This entry will be dedicated to sleep.
Sleeping is seriously one of life's BIGGEST pleasures. Not so much mine though..I have developed a sleeping problem. No, the the usual "I fall asleep at 4am and wake up at 2pm" bullshit. Sometimes, I get really tired but I can't seem to drift away into that peaceful black nothingness. Just last week I tossed and turned for a record of 6 hours. No computer, no book, no phone, no lights. Just literal tossing and turning, putting my legs out of my blanket, spooning my second pillow. I even use the sad method of counting sheeps, but by number 25 I began to think about where my imaginary sheeps go. And so my thought about sheeps continue.. and by that time I get so angry and frustrated with all these unanswered questions. How do i sleep then? I have to be actively doing something (essay works the best) and be dead tired where my eyes keep closing on me and climb on my bed and just KTFO. I can't consciously DECIDE to sleep b/c then i will be staring for hours at my ceiling that's not even visible from the darkness. And then usually by 3-4 am, I climb down my bed from frustration of feeing like a unproductive ogre and go on my computer. Once my computers opens up later than 3, I WILL not sleep until 5am. Then when i do finally finish the very slow process of falling sleep, my alarm wakes me up an hour later for class which REALLY gets my nerves since it took about me about 9 hours to sleep.I'll try not to be such a girl. That is probably one of my worser nights.
But man, how things changed.
Although I have had this same twin size bed, since kindergarden, my sleeping patterns have definitely changed.
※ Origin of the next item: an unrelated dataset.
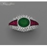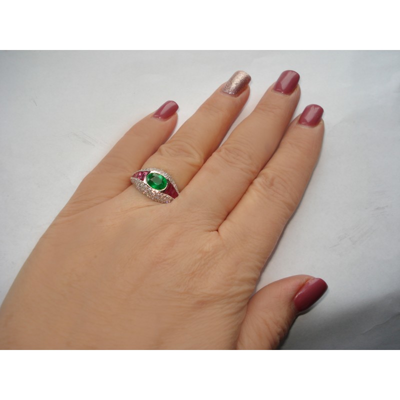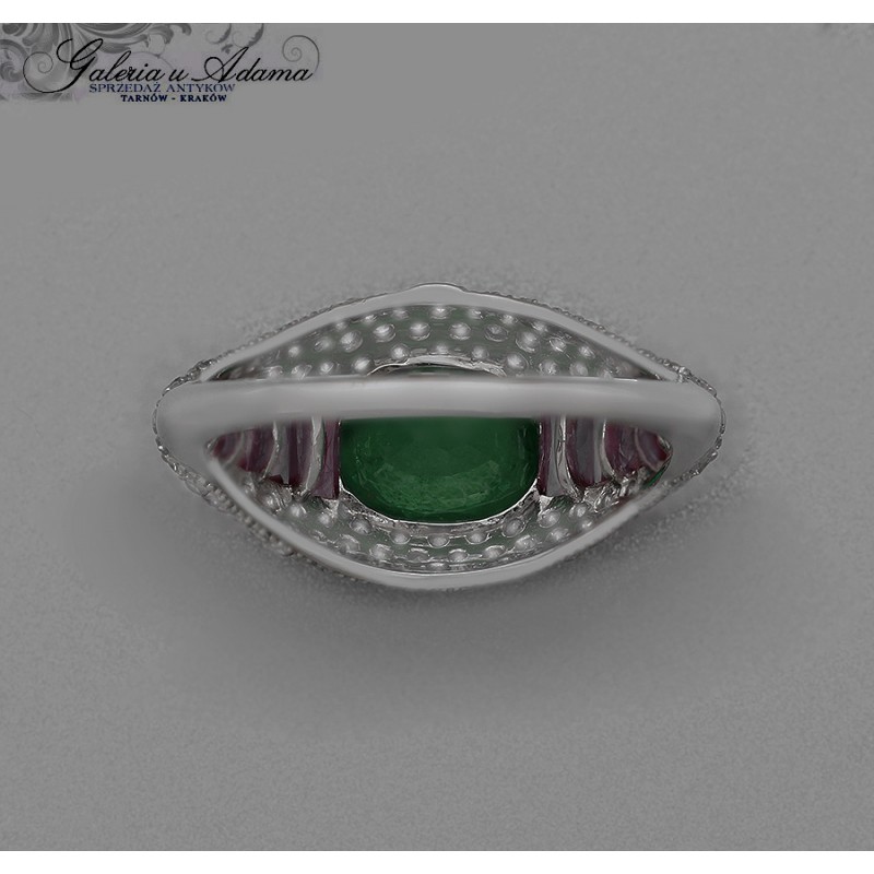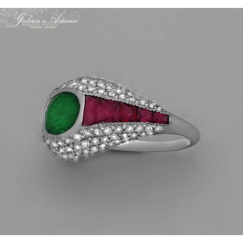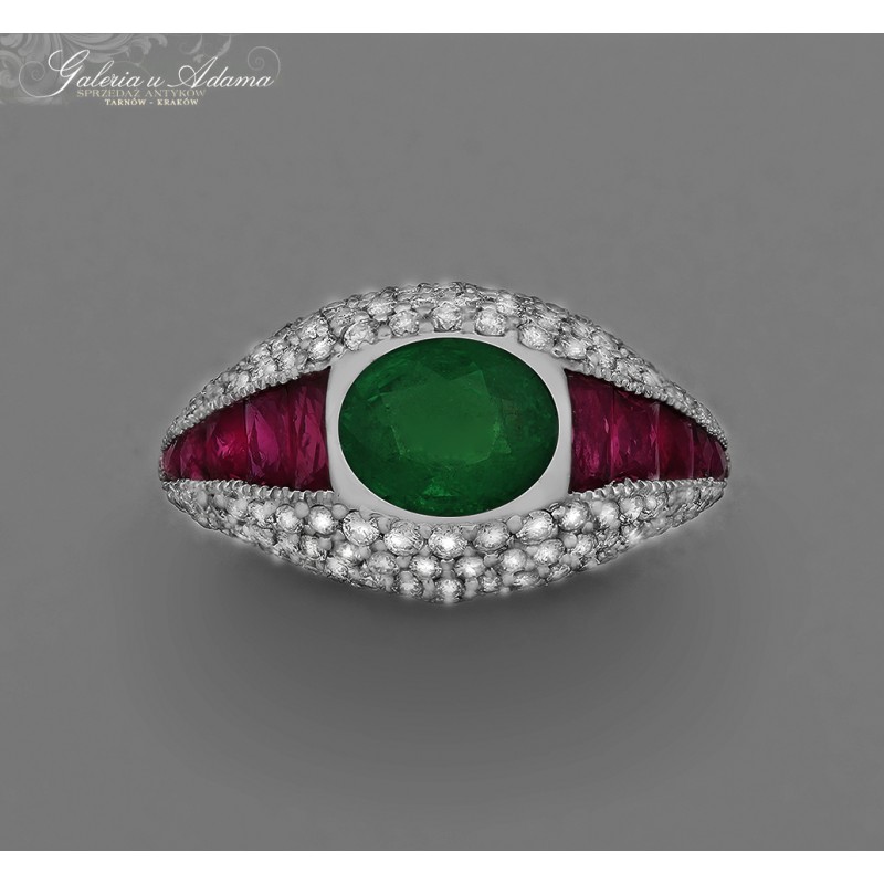 Pierścionek złoty-18 k wysadzany brylantami-1,00 k, Szmaragdem naturalnym- 1,65 k i Rubinami-1,60 k za 50% wartości wyceny !!

I used to be able to bury myself under my blankets and then just knock out and wake up w/the best dreams. Maybe I've outgrown this bed... Whatever it is.. I still cant sleep.
So i find myself blogging in 2 different sites about 2 different things. Just a bunch of things that needs to get off my mind, which does comfort me somewhat.
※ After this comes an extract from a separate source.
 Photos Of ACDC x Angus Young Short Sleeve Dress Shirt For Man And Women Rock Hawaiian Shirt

It's not that even college is on my mind. Honestly, yes i do think about it time to time, ONLY WHEN YOU HOES BRING IT UP, but other than that it doesnt consume my daily thought. I swear, i have had 100000000000000000000 conversations today that began with "did you hear back from?" "did you check your?" "did you know this person got into ?" "i got rejected from? did you?" "where did you apply again?"
all i can say is.
we are dull. we are very very dull people. YES college is the future. BUT it aint the only way to a future. JEEBUS CHRIST i swear. sometimes i just want to skip school to avoid these conversations.
Honest to blog, i dont think half of us care about where others have got in. Maybe just for gossiping purposes, but mainly we ask for comparing purposes. We start asking the kids, who have gotten accepted, questions about their gpa sat scores extracurricular.. blabla.. and then we create this standard for ourselves. A standard made according to those kids, who have been accepted. No, we are individuals. We are completely unique, only we know our capabilities and limits. Do not limit yourself to that standard. You are not them and they are not you.
Lets stop all this bullshit nonsense talk. who are we to judge who is good and who is not good enough to be accepted.
One thing is for sure, I am not telling anyone where i get in and where i dont get in. I will let you know my final decision when and if it can be made.
Thats all.
peace out homosapiens time to check my xanga.